• _Assignment_:
The entire listing, reproduced exactly and stripped of images, is the expected output.

• _Information supplied_:
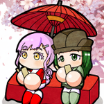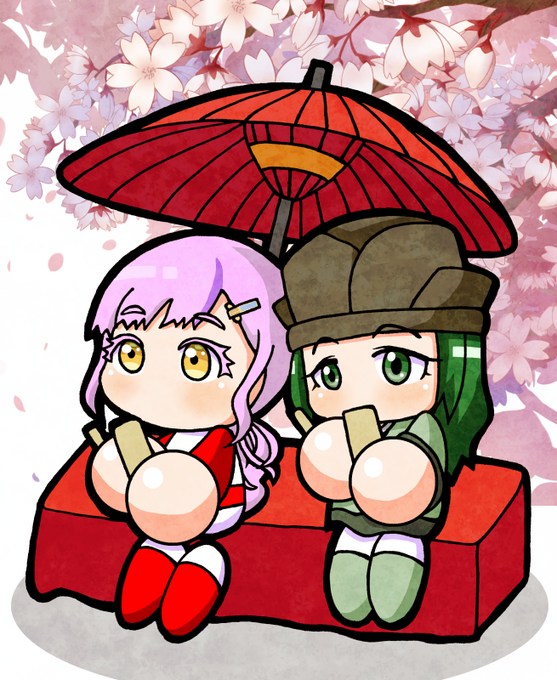 Amino-3さん(@Am_acid75)の百歌つむぎちゃんとあちってぃさん(@pawapocketty)の松尾葉郁さんを描かせていただきました! 雅な和歌コンビ、桜を見ながら野点で一句! #勝手にパワプロオリキャラファンアート
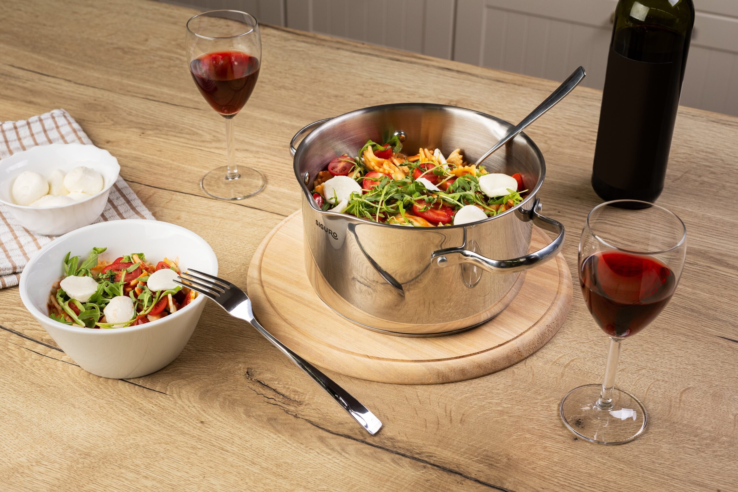Für eine möglichst sichere Handhabung ist er mit robusten Edelstahlgriffen mit langlebigen Nieten ausgestattet. Die Innenwand des Topfs ist mit einer praktischen Füllstandsanzeige versehen, so dass Sie immer genau wissen, wie viel Wasser Sie in dem Topf haben. Sie werden es zu schätzen wissen, dass Sie den Siguro Pure Delight Topf und den Deckel in der Spülmaschine waschen können.
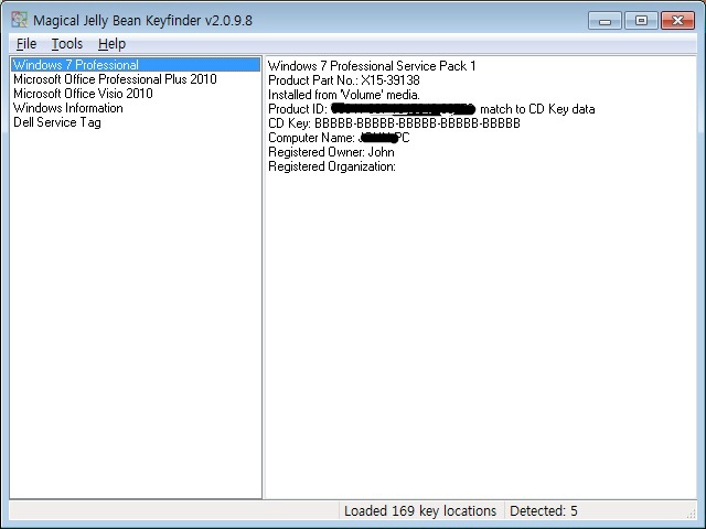 1. Magical Jelly Bean의 Keyfinder프로그램

• _Answer section_:
 Amino-3さん(@Am_acid75)の百歌つむぎちゃんとあちってぃさん(@pawapocketty)の松尾葉郁さんを描かせていただきました! 雅な和歌コンビ、桜を見ながら野点で一句! #勝手にパワプロオリキャラファンアート
Für eine möglichst sichere Handhabung ist er mit robusten Edelstahlgriffen mit langlebigen Nieten ausgestattet. Die Innenwand des Topfs ist mit einer praktischen Füllstandsanzeige versehen, so dass Sie immer genau wissen, wie viel Wasser Sie in dem Topf haben. Sie werden es zu schätzen wissen, dass Sie den Siguro Pure Delight Topf und den Deckel in der Spülmaschine waschen können.
 1. Magical Jelly Bean의 Keyfinder프로그램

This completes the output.